Abstract
1166
Objectives Retinoic acid receptor (RAR-α) plays a significant role in a number of diseases, including neuroblastoma. Children diagnosed with high risk neuroblastoma are treated 13-cis-retinoic acid (isotretinoin), which has been shown to reduce the risk of the cancer recurrence. Studies have demonstrated that neuroblastoma cell death is mediated via RAR-α and that expression of RAR-α is upregulated after treatment. Therefore, our objective is to create a molecular imaging probe that binds RAR-α for the purpose of diagnosis and stratification of patients who would benefit from retinoid based therapy. Furthermore, if successful, we would be able to see real-time biologic action of retinoid therapy based on RAR-α upregulation. In this study, we report the initial in vivo evaluation of [18F]KBM-1, a novel RAR-α agonist.
Methods The radiochemical synthesis of [18F]KBM-1 was carried out through KHF2 assisted substitution of [18F]- from aryl-substituted pinacolatoesters based retinoid precursor. Biodistribution studies were performed using male BALB/mice with flank neuroblastoma tumors after i.v injection of [18F]KBM-1. Specific binding was demonstrated by blocking experiment with nonradioactive KBM-1 in the 30 min group.

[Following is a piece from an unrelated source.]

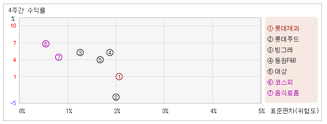 | 관련종목들 가운데 변동폭 작아도 수익율은 높아 7일 오전 9시10분 현재 전일대비 1.81% 오른 169,000원을 기록하고 있는 롯데제과는 같은 기간동안 변동성의 크기를 말해주는 표준편차는 2%를 기록했다. 이는 음식료품 업종내에서 주요종목들과 비교해볼 때 다만 음식료품업종의 위험대비수익률인 4.7보다는 낮기 때문에 업종대비 성과가 좋았다고는 할 수 없다. 다음으로 업종과 시장을 비교해보면 롯데제과가 속해 있는 음식료품업종은 코스피지수보다 변동성은 높고, 수익률은 낮은 모습을 보여주고 있다. 다시 말해서 동업종은 지수보다 크게 오르락 내리락 했지만, 상승률은 오히려 지수보다 못하다는 의미이다. |

Results [18F]KBM-1 was synthesized with high radiochemical purity (>98%) and high specific activity ~3000 mCi/µmol (decay corrected to EOS). Analyzing biodistribution data, from 5 min to 60 min, [18F]KBM-1 displayed rapid clearance from most of the major organs and bone uptake remained grossly stable, suggesting no significant in vivo metabolic defluorination. The tumor uptake steadily increased from 5 min to 60 min and the uptake ratios for target to non-target (tumor: muscle) increased 1.5 fold to 2.6 fold from 30 min to 60 min p.i. The tumor uptake in the 30 min blocking group was 1.7-fold lower than unblocked.
Conclusions The initial in vivo biodistribution studies in BALB/c tumor bearing mice demonstrate the potential of [18F]KBM-1 as a radiotracer for imaging neuroblastoma. Further evaluations of the tracer’s in vivo metabolic profile, kinetic studies, quantitative biodistribution/tumor uptake are now being performed.